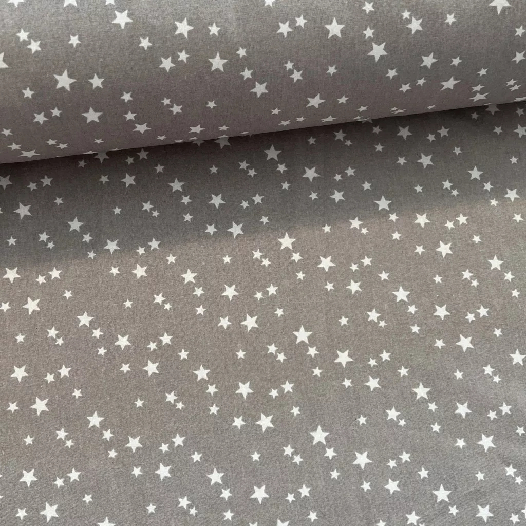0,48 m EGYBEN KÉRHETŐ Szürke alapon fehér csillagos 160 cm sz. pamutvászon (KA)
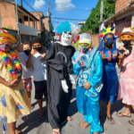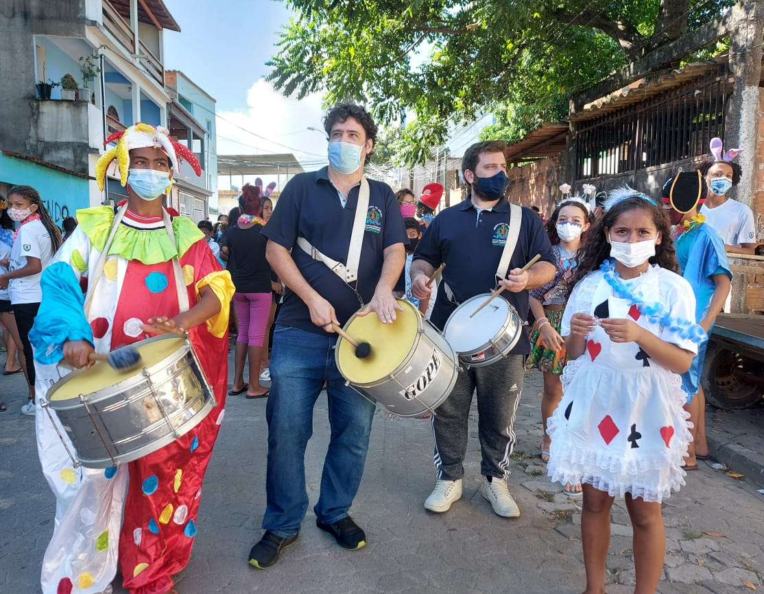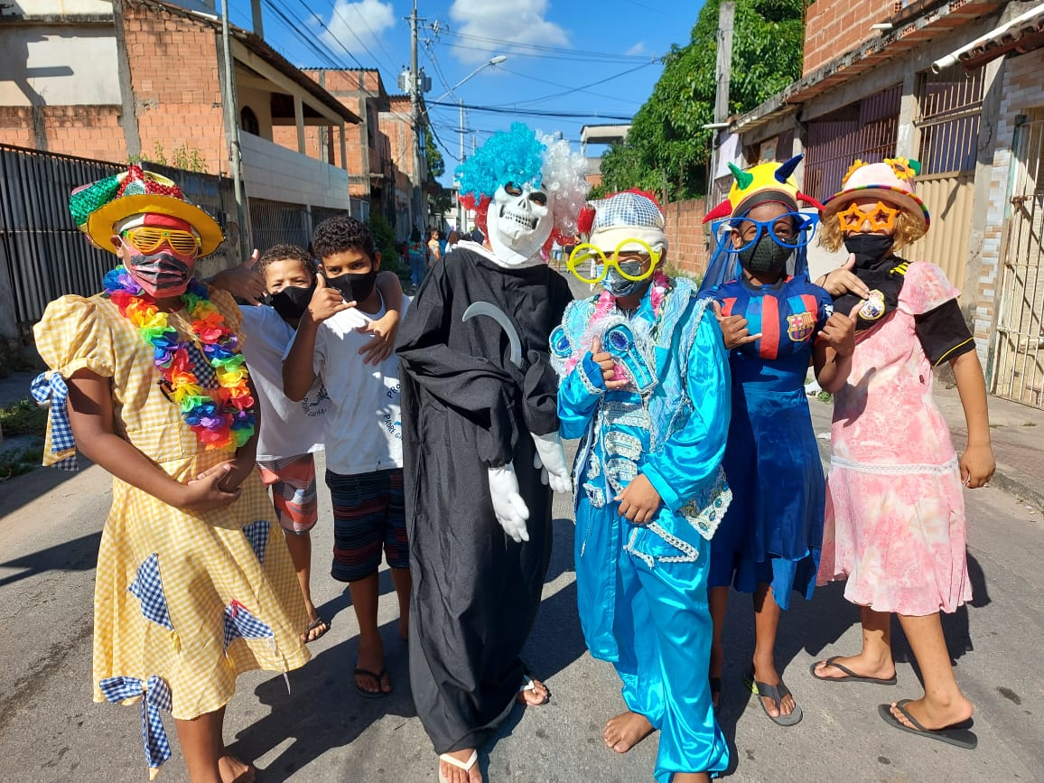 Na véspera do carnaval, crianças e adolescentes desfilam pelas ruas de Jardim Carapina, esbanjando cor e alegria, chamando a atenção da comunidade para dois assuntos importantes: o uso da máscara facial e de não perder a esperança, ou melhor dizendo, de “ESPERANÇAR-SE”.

...

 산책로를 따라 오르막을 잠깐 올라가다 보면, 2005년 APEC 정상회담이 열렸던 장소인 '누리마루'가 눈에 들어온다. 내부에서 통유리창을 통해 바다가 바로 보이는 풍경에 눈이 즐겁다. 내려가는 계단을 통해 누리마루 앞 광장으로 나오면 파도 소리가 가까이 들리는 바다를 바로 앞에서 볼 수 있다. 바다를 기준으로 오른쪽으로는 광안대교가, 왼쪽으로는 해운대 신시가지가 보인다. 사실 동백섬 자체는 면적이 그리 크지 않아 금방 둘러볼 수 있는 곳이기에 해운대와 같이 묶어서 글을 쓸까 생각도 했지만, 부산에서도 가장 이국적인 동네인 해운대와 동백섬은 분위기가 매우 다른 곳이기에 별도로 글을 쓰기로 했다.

**EXERCISE GOAL**. Taking the material above, give again exactly the lines from the one holding "0,48 m EGYBEN" through the one holding "Na véspera do", with both ends and without pictures.

**ANSWER**.
0,48 m EGYBEN KÉRHETŐ Szürke alapon fehér csillagos 160 cm sz. pamutvászon (KA)
 Na véspera do carnaval, crianças e adolescentes desfilam pelas ruas de Jardim Carapina, esbanjando cor e alegria, chamando a atenção da comunidade para dois assuntos importantes: o uso da máscara facial e de não perder a esperança, ou melhor dizendo, de “ESPERANÇAR-SE”.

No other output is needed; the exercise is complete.